O Brasil tem 20.506 pedidos de registro de candidatura para as eleições de 2026, segundo dados do TSE atualizados até 17 de agosto. O número é 8,7 mil menor que em 2022. Os homens somam 65% dos registros, e as mulheres, 35%.

A maior parte dos pedidos é para deputado estadual, com 11.090 registros para 1.035 vagas, média de 10,71 candidatos por cadeira. Em seguida vem deputado federal, com 7.627 pedidos para 513 vagas, 14,87 candidatos por cadeira.

Para os governos dos 26 estados e do Distrito Federal, são 195 candidaturas, 12,5% a menos que em 2022, quando havia 223. Já a Presidência da República teve 13 candidaturas, uma a mais que as 12 de 2022.

O Senado teve 314 pedidos de registro para as 54 vagas em disputa, o equivalente a 5,83 candidatos por cadeira.

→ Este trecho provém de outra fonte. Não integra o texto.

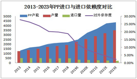 分析原因:一、国内产能集中,尤其煤化、PDH、MTO不同原料产能激增,不断提升国内产能自给能力;二、同质化产品竞争激烈化,进口呈现两极分化,均聚进口量逐步减量,高端专用产品进口仍以进口为主;三、国内科研水平不断提升,专用产品研发提升后,对外依赖度将逐步下降。预计:2019-2023年进口量将会降至200万吨附近,进口依赖度降至2.23%附近。

Em números absolutos, os homens somam 13.366 registros e as mulheres, 7.140. A lei eleitoral (9.504/1997) exige que cada partido reserve pelo menos 30% das candidaturas proporcionais para o sexo minoritário na legenda, hoje quase sempre as mulheres.

O perfil de quem concorre também chama atenção por outro ângulo. Empresários lideram as ocupações declaradas entre os candidatos de 2026.

Por que há menos candidatos que em 2022?

A queda é puxada pela cláusula de desempenho, regra que dificulta o funcionamento de partidos pequenos. Ela chega a 2026 na quinta eleição nacional em que está em vigor, criada pela Emenda Constitucional 97, de 2017.

Pela regra, cada partido precisa obter ao menos 2,5% dos votos válidos para a Câmara dos Deputados, distribuídos em pelo menos um terço dos estados, com no mínimo 1,5% em cada um deles. A alternativa é eleger ao menos 13 deputados federais, também distribuídos por um terço da federação.

Quem não cumpre nenhum dos dois critérios perde o acesso ao Fundo Partidário e ao tempo de propaganda gratuita no rádio e na televisão, o que reduz o interesse de legendas menores em lançar candidatos próprios.

O número de 20.506 também não é definitivo. A Justiça Eleitoral ainda analisa cada pedido e pode indeferir candidaturas por inelegibilidade ou por falta de documentos obrigatórios.